■ **REQUIRED WORK**
After locating the line with "Personalized Fishing Hook" below, output it and each following line exactly, stopping after the line with "La Shake Rattle". No pictures.

■ **TASK INPUT**
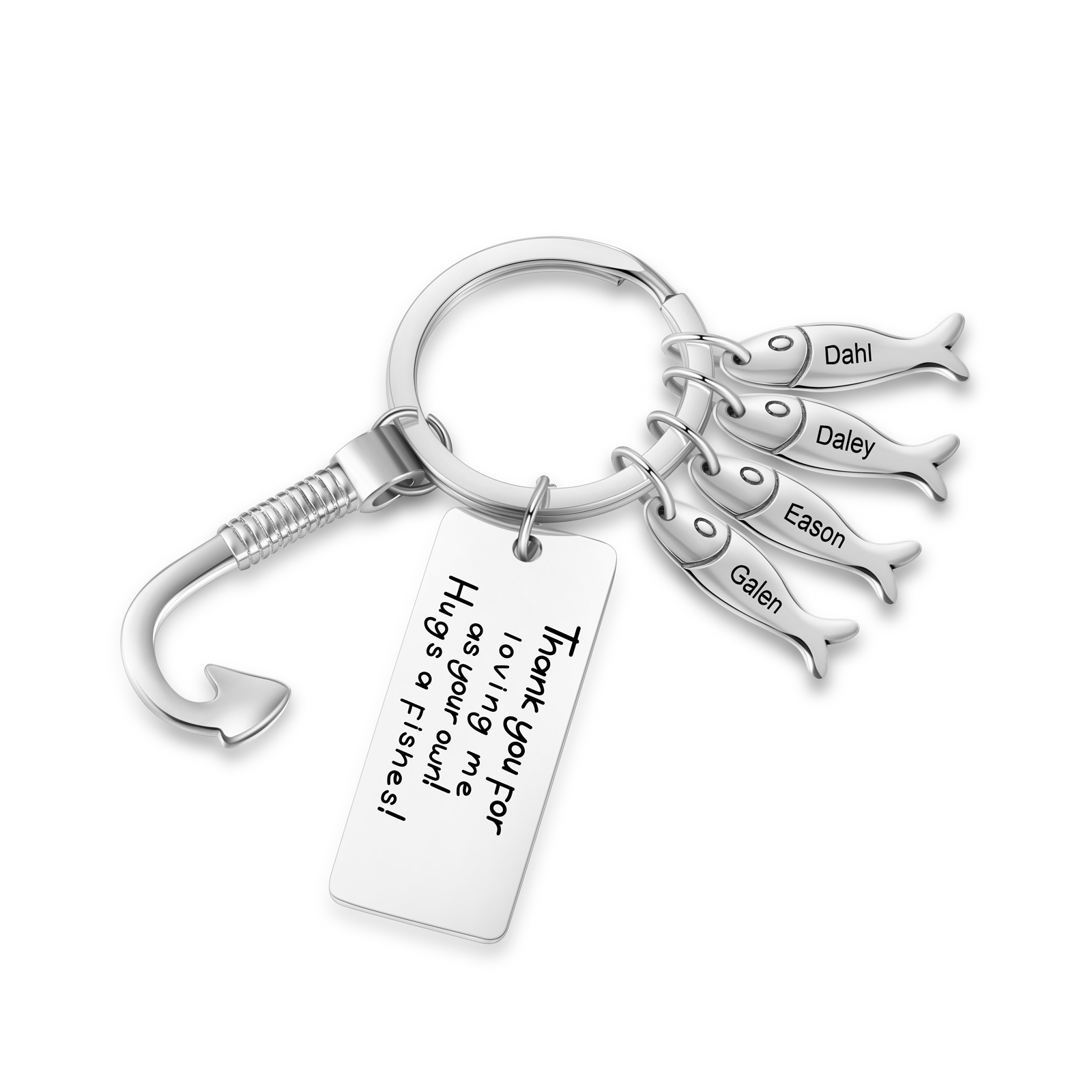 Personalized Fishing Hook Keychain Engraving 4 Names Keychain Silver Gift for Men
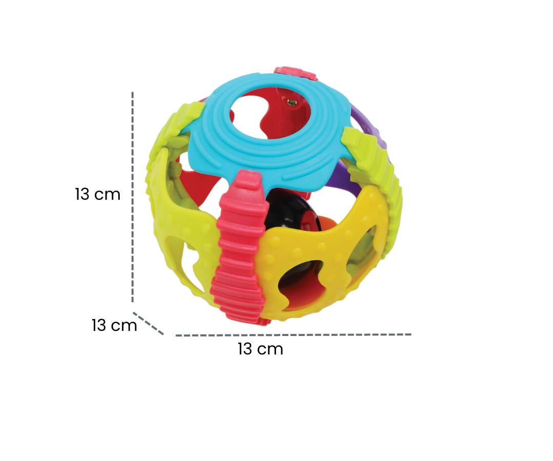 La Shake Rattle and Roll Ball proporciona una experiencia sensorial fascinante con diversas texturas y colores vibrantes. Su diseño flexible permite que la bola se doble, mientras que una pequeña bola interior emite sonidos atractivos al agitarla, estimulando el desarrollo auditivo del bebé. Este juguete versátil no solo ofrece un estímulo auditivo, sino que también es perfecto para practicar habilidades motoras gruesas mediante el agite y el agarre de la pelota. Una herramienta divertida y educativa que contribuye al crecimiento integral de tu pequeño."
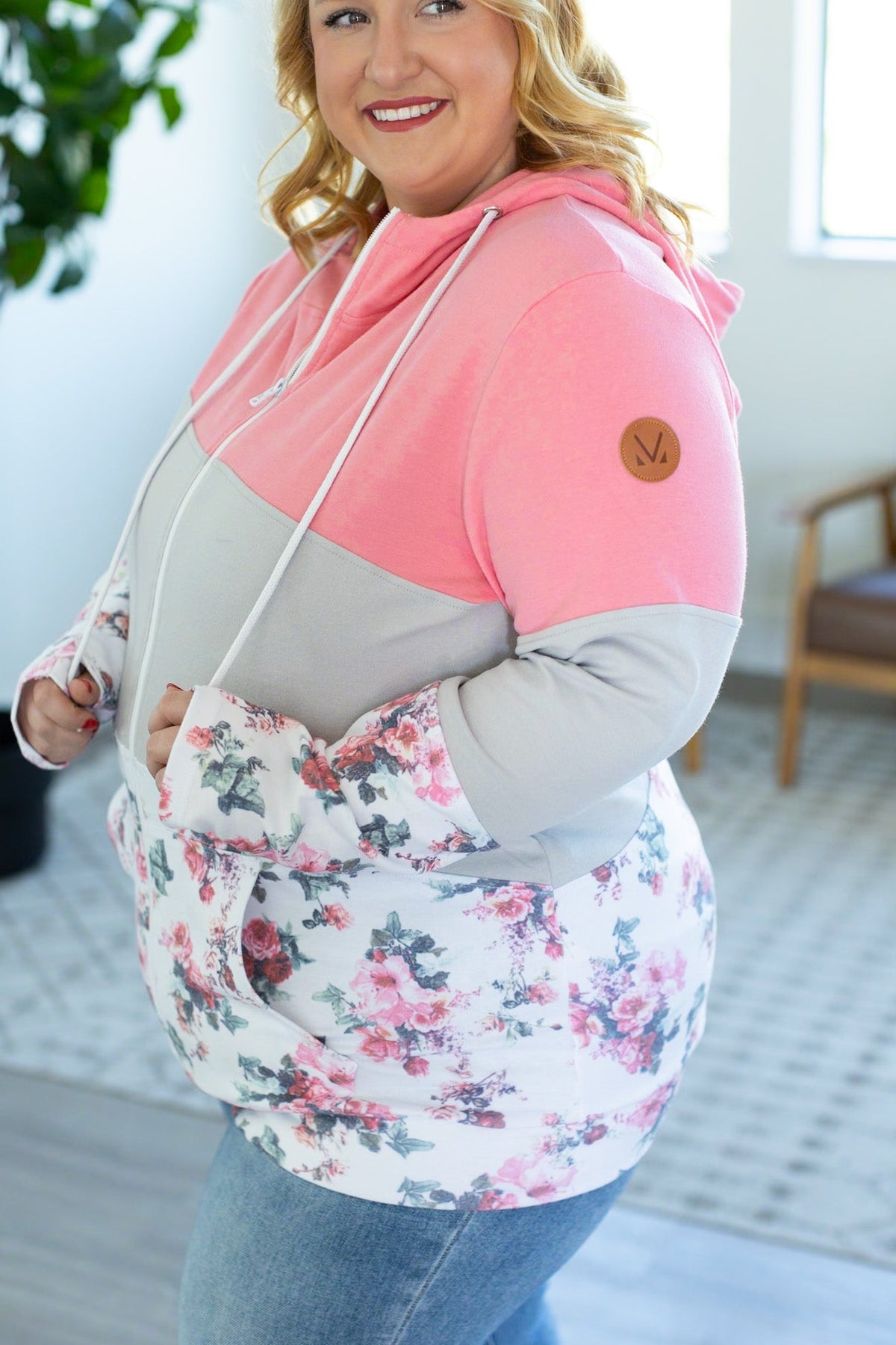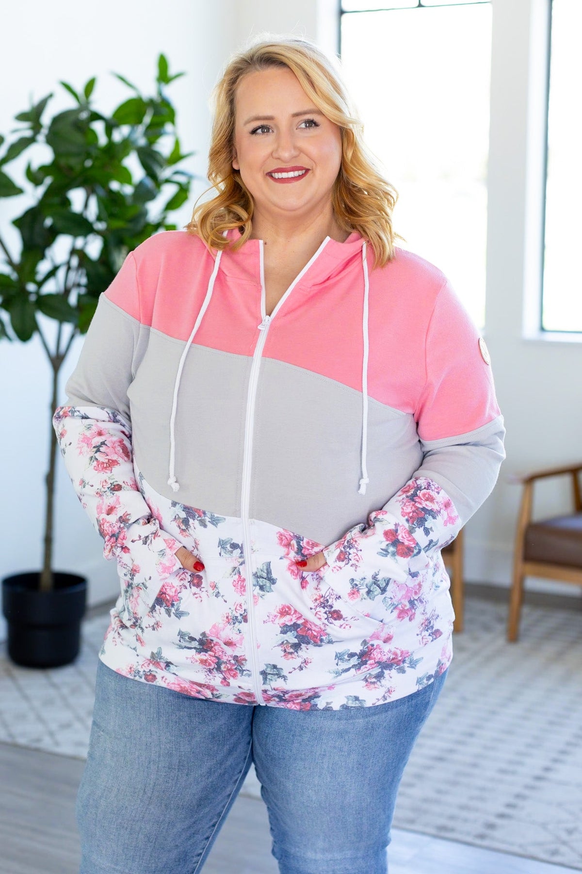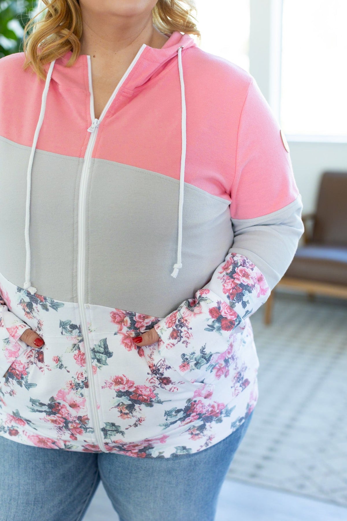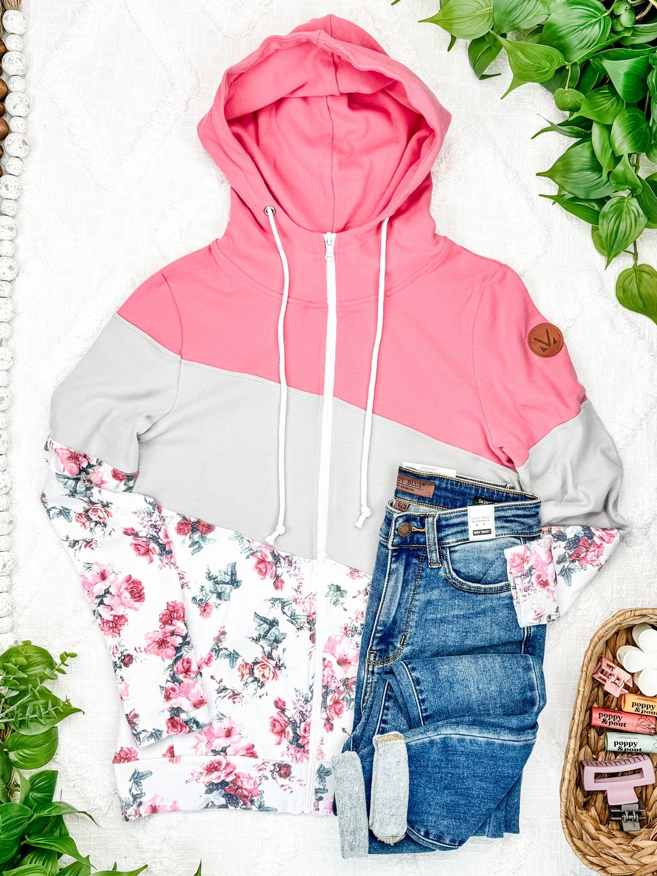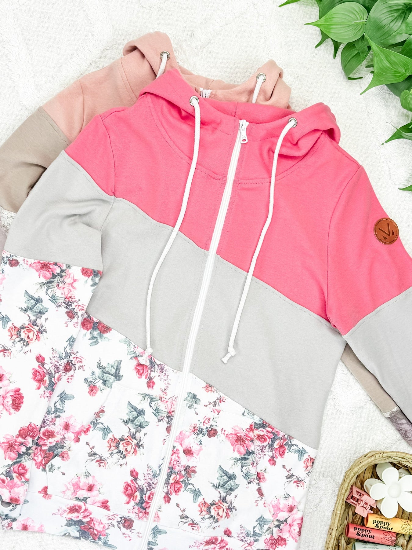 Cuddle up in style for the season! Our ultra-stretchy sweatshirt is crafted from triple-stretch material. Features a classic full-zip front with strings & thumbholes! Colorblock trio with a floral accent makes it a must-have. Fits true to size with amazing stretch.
---
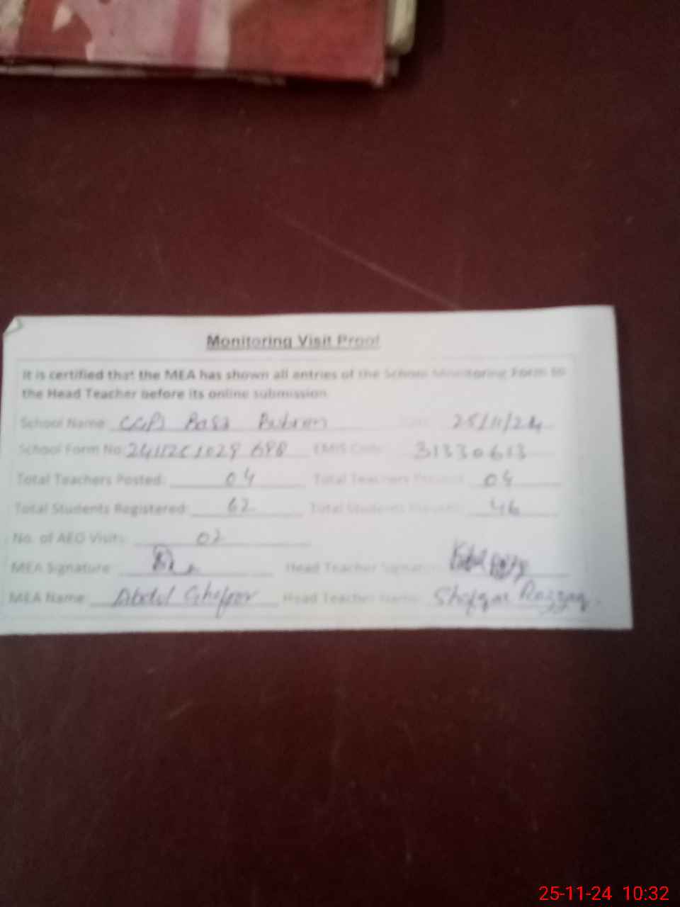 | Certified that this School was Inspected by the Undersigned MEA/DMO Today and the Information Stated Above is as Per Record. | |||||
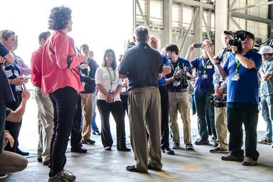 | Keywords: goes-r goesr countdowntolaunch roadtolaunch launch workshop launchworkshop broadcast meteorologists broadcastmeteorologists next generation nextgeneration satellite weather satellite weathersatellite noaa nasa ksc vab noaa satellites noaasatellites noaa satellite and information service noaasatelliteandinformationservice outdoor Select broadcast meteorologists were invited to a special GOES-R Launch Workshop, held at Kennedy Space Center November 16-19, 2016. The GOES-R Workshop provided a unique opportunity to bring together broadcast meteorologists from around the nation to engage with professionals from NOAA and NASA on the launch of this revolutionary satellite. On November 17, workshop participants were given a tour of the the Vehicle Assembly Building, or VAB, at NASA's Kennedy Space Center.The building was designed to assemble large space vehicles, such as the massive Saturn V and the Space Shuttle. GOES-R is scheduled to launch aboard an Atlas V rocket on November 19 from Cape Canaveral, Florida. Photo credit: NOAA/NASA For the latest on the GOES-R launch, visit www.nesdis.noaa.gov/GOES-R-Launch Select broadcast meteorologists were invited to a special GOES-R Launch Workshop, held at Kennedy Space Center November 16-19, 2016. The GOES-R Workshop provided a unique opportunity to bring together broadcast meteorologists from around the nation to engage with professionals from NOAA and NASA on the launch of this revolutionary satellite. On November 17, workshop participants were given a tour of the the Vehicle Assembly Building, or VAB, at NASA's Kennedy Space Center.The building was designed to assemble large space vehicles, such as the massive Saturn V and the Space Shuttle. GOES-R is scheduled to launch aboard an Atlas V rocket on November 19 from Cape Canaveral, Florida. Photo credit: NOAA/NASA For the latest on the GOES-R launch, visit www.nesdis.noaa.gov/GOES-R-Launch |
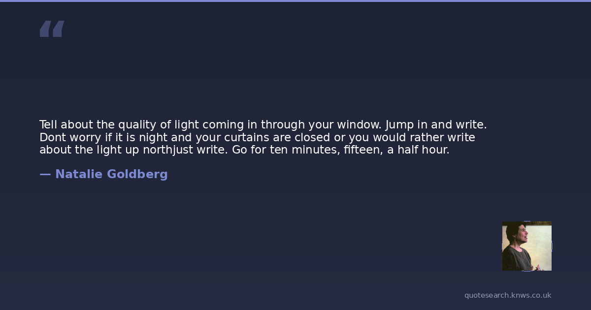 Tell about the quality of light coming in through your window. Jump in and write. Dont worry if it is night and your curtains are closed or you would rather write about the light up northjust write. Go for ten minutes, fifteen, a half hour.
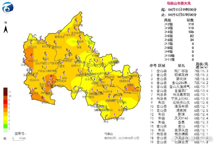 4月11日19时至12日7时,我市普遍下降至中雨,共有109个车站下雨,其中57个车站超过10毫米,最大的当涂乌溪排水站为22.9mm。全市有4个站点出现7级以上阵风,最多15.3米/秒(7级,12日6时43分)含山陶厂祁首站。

■ **OUTPUT**
 Personalized Fishing Hook Keychain Engraving 4 Names Keychain Silver Gift for Men
 La Shake Rattle and Roll Ball proporciona una experiencia sensorial fascinante con diversas texturas y colores vibrantes. Su diseño flexible permite que la bola se doble, mientras que una pequeña bola interior emite sonidos atractivos al agitarla, estimulando el desarrollo auditivo del bebé. Este juguete versátil no solo ofrece un estímulo auditivo, sino que también es perfecto para practicar habilidades motoras gruesas mediante el agite y el agarre de la pelota. Una herramienta divertida y educativa que contribuye al crecimiento integral de tu pequeño."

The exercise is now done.